WHAT TO DO: Please return only the lines from the one showing "村民可以沿着 石台 阶进出两岸" to the end of the entries, keeping both ends and dropping every picture.

[Records drawn from a dataset]
--*--

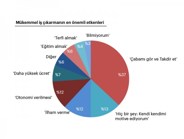 Katılımcılar soruyu kendi yöntemleriyle cevapladılar ve birçok değişik cevap vardı. Fakat ortaya bir şablon çıktı. Katılımcıların %37’si kişisel anlamda takdir edilmenin ve görülmenin daha iyi iş çıkarmalarını sağladığını belirtti.
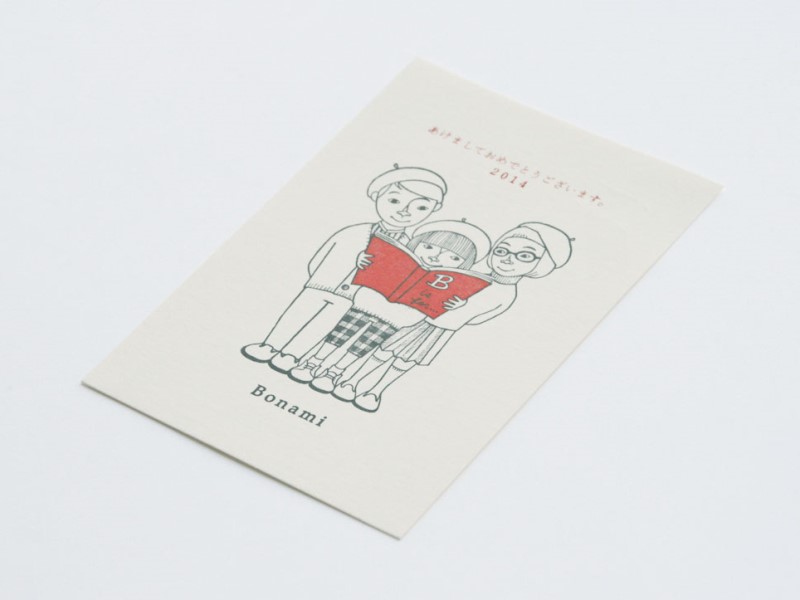 神奈川県真鶴町のアトリエで、手製本や活版印刷などを用いた本や紙のものを製作しているBonamiさんからいただいた年賀状をご紹介いたします。
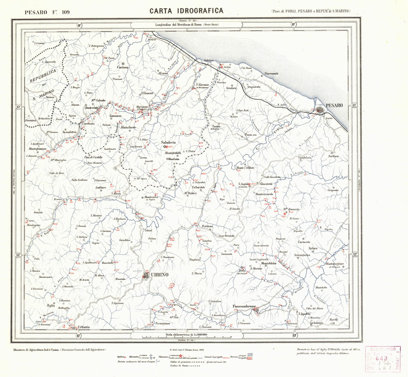 CARTA IDROGRAFICA DEL REGNO D'ITALIA - Foglio 109 - Pesaro
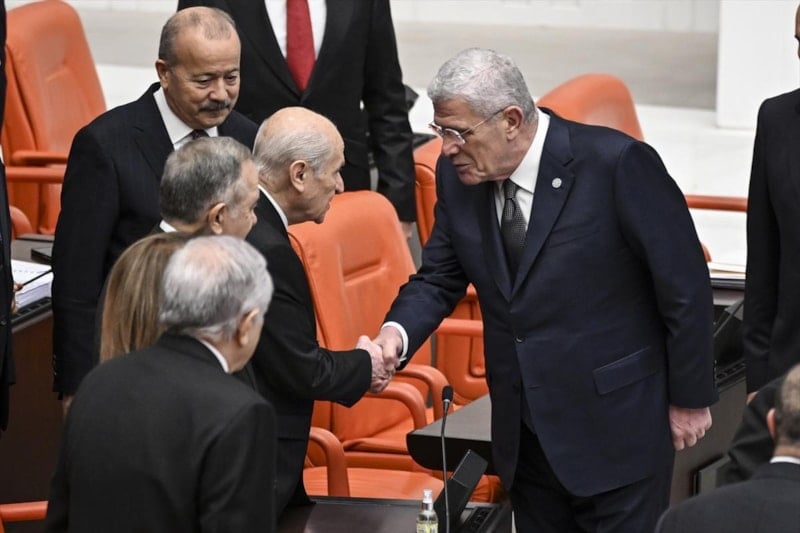 Görüşme öncesi İYİ Parti Genel Başkanı Müsavat Dervişoğlu, MHP lideri Devlet Bahçeli'nin ayağına gitti.
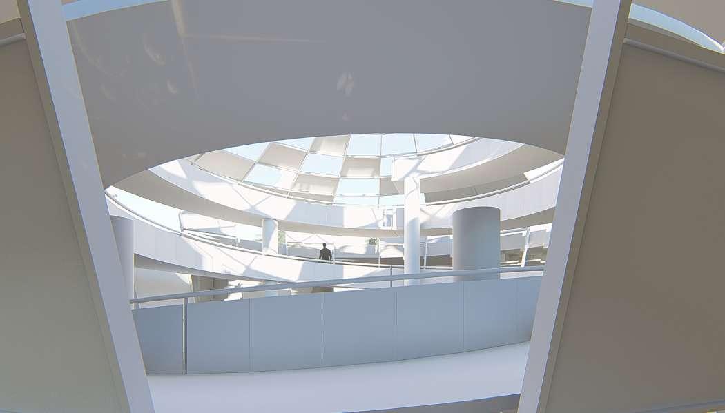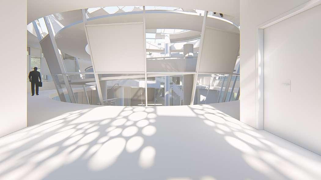 J’ai pour ma part pris le parti de m’implanter dans le parc avec un centre scientifique faisant le lien entre la place du musée et l’université de Darmstadt. L’idée était de crée un bâtiment dans les arbres et d’exploiter le potentiel qu’offre le parc en terme de vue.
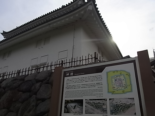 伝統工法で忠実に再現された櫓です。外見は、屋根が二重ですが、内部は三階という面白い構造だと思いました。
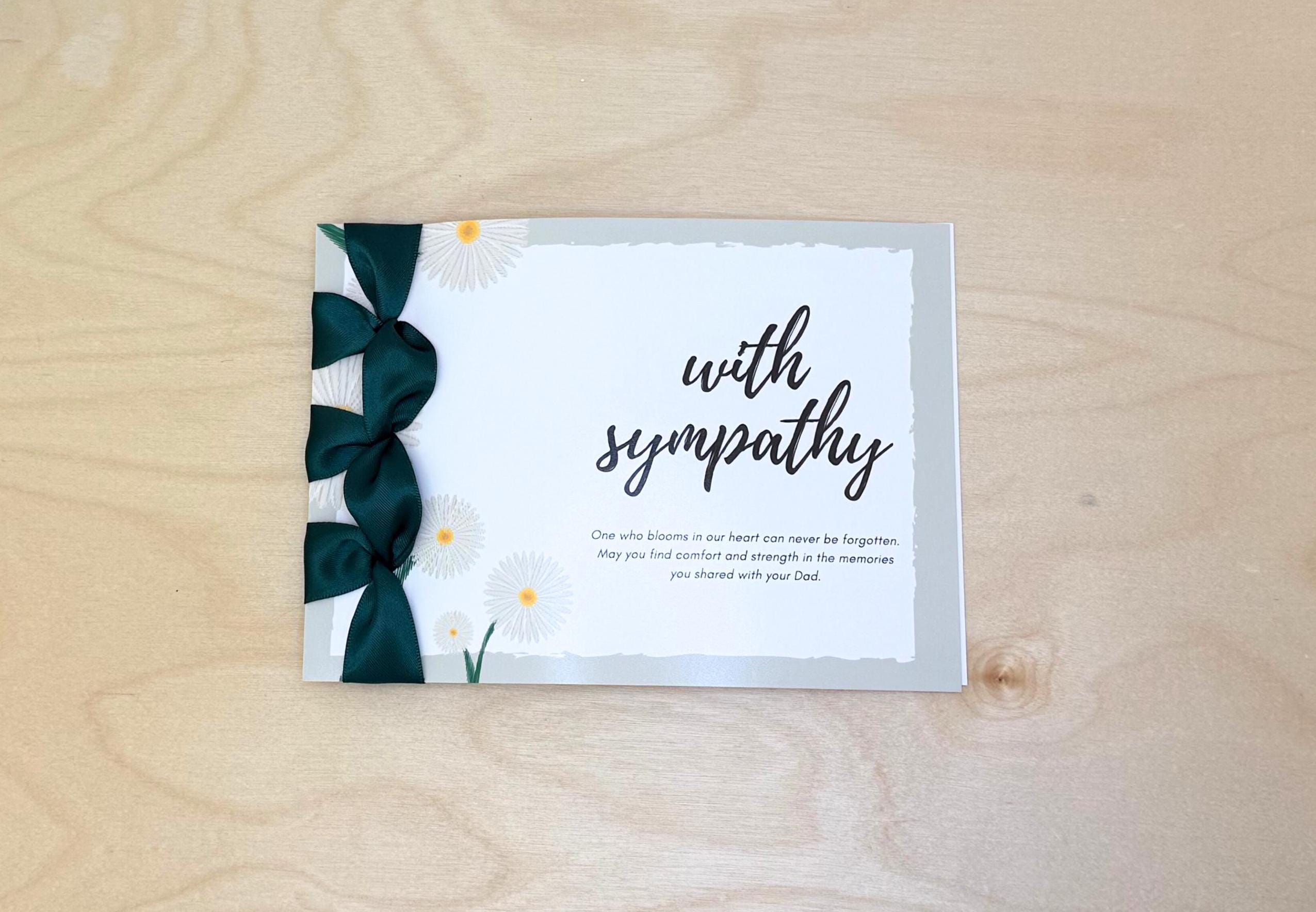 Handmade Sympathy Card, Satin Ribbon, Cotton Cardstock
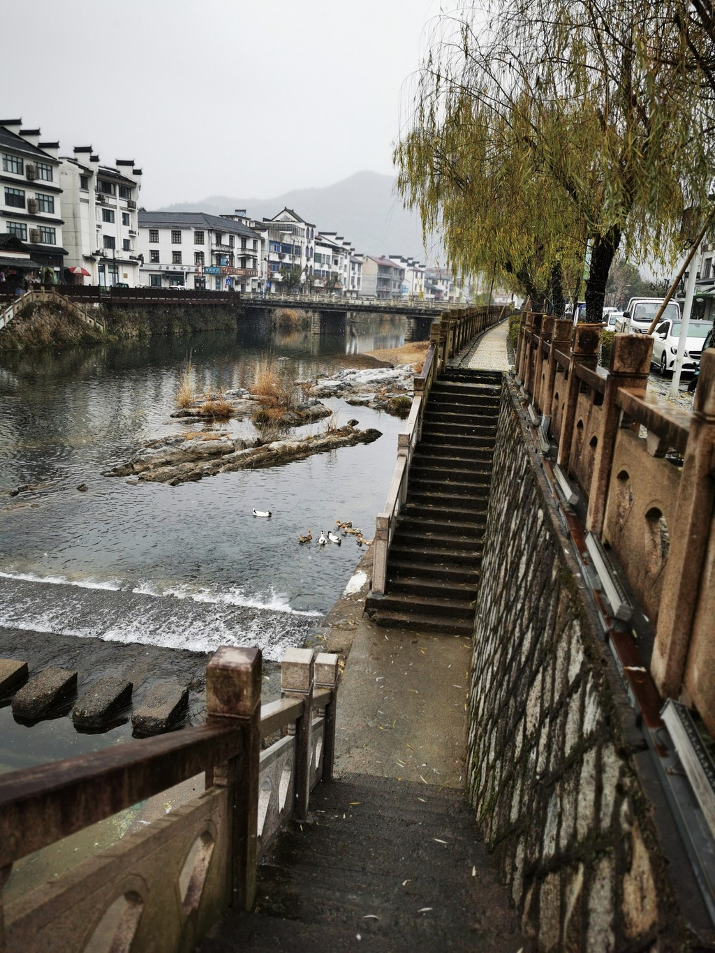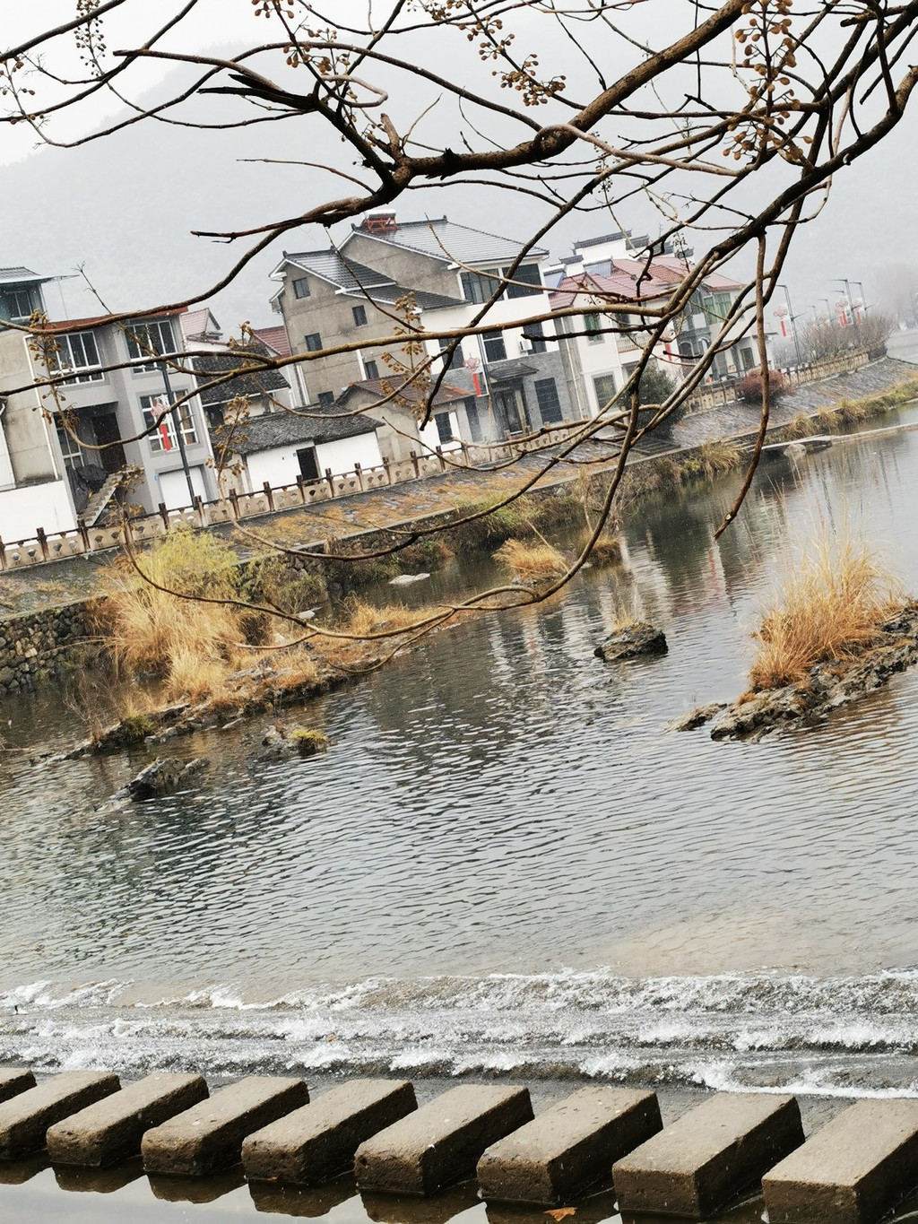 村民可以沿着 石台 阶进出两岸
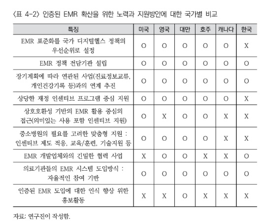한국보건사회연구원의 '전자의무기록(EMR) 인증제 확산을 위한 해외 사례 비교 연구'에 따르면, 국가마다 구체적인 지원액수, 기간, 방법은 달랐지만, 인센티브제도를 통해 재정 지원을 했다는 공통된 특징이 있다.
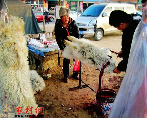 在神木縣第7中學(xué)對面,記者看見有一名男子和一名婦女正在宰殺羊,旁邊有一輛車,車上拉有七八只羊,已經(jīng)放血的有3只,還有一只正在放血。
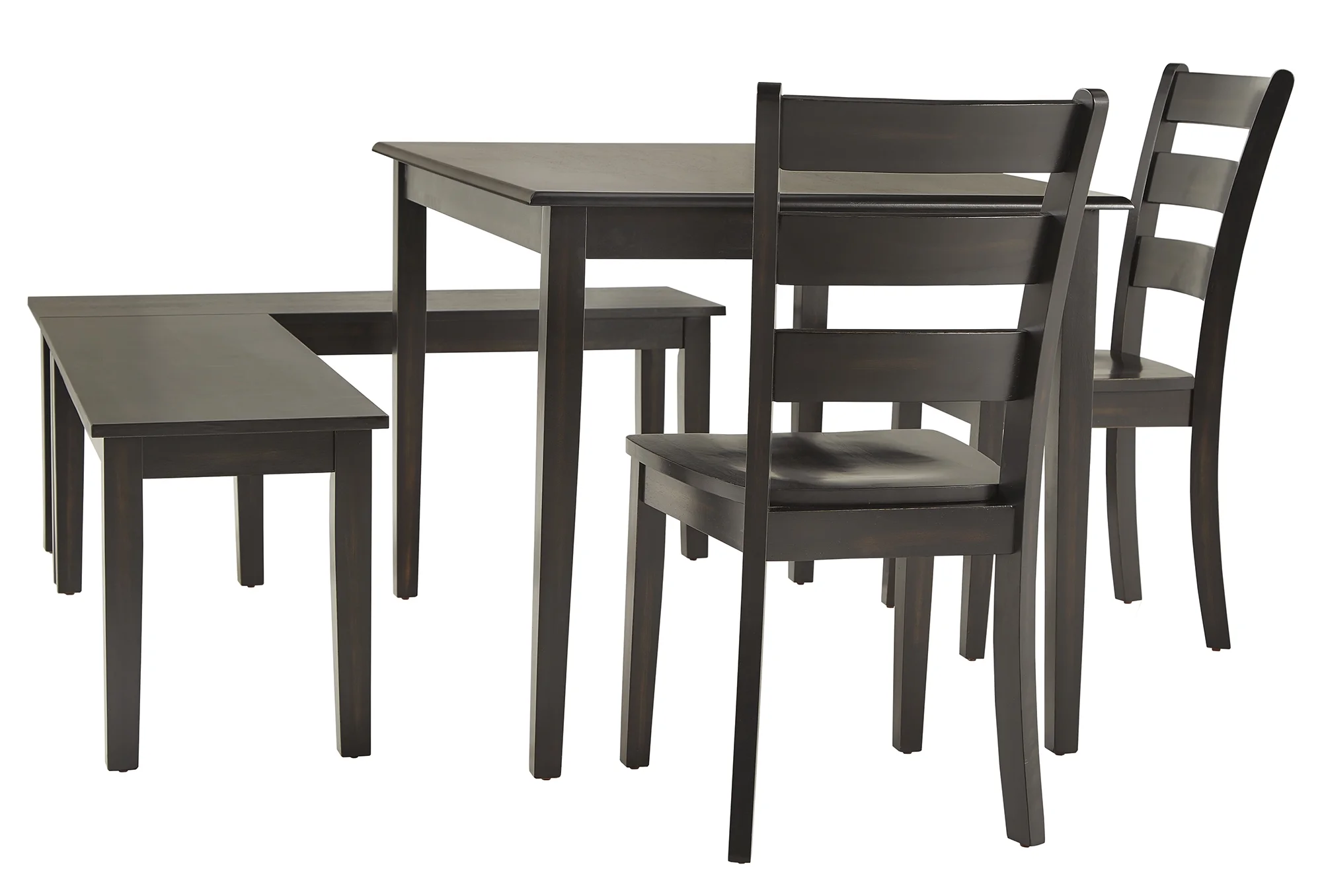 Turn your small space into an inviting dining area with the Weston Home Lexington 5-Piece Breakfast Nook Set with Rectangular Table. Set the nook up against a wall or corner, to create a beautiful farmhouse style destination for family and friends to enjoy many happy meals together. The set includes one (1) dining table, two (2) benches and two (2) ladder back dining chairs.

--*--

RESULT OF THE TASK:
 村民可以沿着 石台 阶进出两岸
한국보건사회연구원의 '전자의무기록(EMR) 인증제 확산을 위한 해외 사례 비교 연구'에 따르면, 국가마다 구체적인 지원액수, 기간, 방법은 달랐지만, 인센티브제도를 통해 재정 지원을 했다는 공통된 특징이 있다.
 在神木縣第7中學(xué)對面,記者看見有一名男子和一名婦女正在宰殺羊,旁邊有一輛車,車上拉有七八只羊,已經(jīng)放血的有3只,還有一只正在放血。
 Turn your small space into an inviting dining area with the Weston Home Lexington 5-Piece Breakfast Nook Set with Rectangular Table. Set the nook up against a wall or corner, to create a beautiful farmhouse style destination for family and friends to enjoy many happy meals together. The set includes one (1) dining table, two (2) benches and two (2) ladder back dining chairs.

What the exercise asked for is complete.